### Collected data

____

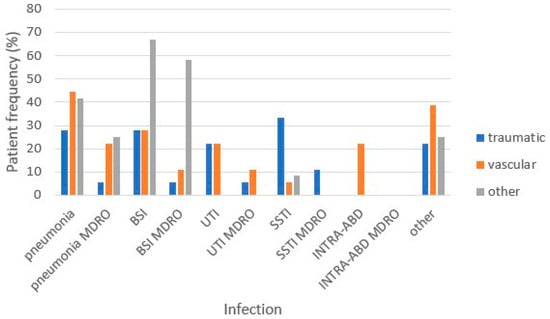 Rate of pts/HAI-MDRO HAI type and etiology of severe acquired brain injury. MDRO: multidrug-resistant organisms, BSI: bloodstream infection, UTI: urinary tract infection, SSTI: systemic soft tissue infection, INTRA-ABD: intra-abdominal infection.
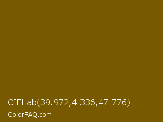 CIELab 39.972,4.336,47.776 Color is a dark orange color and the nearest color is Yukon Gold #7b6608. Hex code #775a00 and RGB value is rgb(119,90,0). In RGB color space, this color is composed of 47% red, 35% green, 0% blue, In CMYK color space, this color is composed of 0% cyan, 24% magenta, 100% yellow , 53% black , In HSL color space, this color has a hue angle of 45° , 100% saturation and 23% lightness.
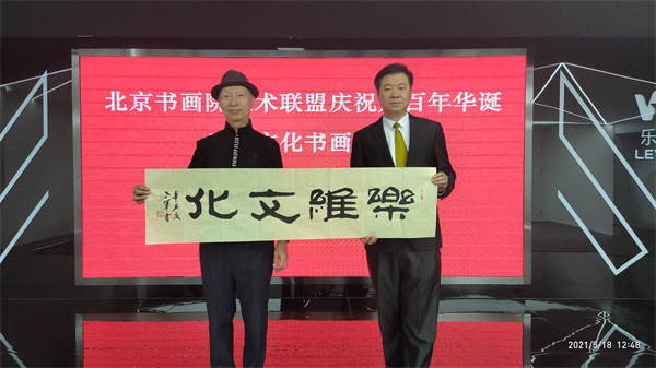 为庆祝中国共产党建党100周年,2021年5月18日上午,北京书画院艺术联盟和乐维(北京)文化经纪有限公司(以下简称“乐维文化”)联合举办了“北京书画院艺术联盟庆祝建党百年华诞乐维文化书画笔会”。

____

### What is required
Copy the data word for word, no pictures.

### Written response
 Rate of pts/HAI-MDRO HAI type and etiology of severe acquired brain injury. MDRO: multidrug-resistant organisms, BSI: bloodstream infection, UTI: urinary tract infection, SSTI: systemic soft tissue infection, INTRA-ABD: intra-abdominal infection.
 CIELab 39.972,4.336,47.776 Color is a dark orange color and the nearest color is Yukon Gold #7b6608. Hex code #775a00 and RGB value is rgb(119,90,0). In RGB color space, this color is composed of 47% red, 35% green, 0% blue, In CMYK color space, this color is composed of 0% cyan, 24% magenta, 100% yellow , 53% black , In HSL color space, this color has a hue angle of 45° , 100% saturation and 23% lightness.
 为庆祝中国共产党建党100周年,2021年5月18日上午,北京书画院艺术联盟和乐维(北京)文化经纪有限公司(以下简称“乐维文化”)联合举办了“北京书画院艺术联盟庆祝建党百年华诞乐维文化书画笔会”。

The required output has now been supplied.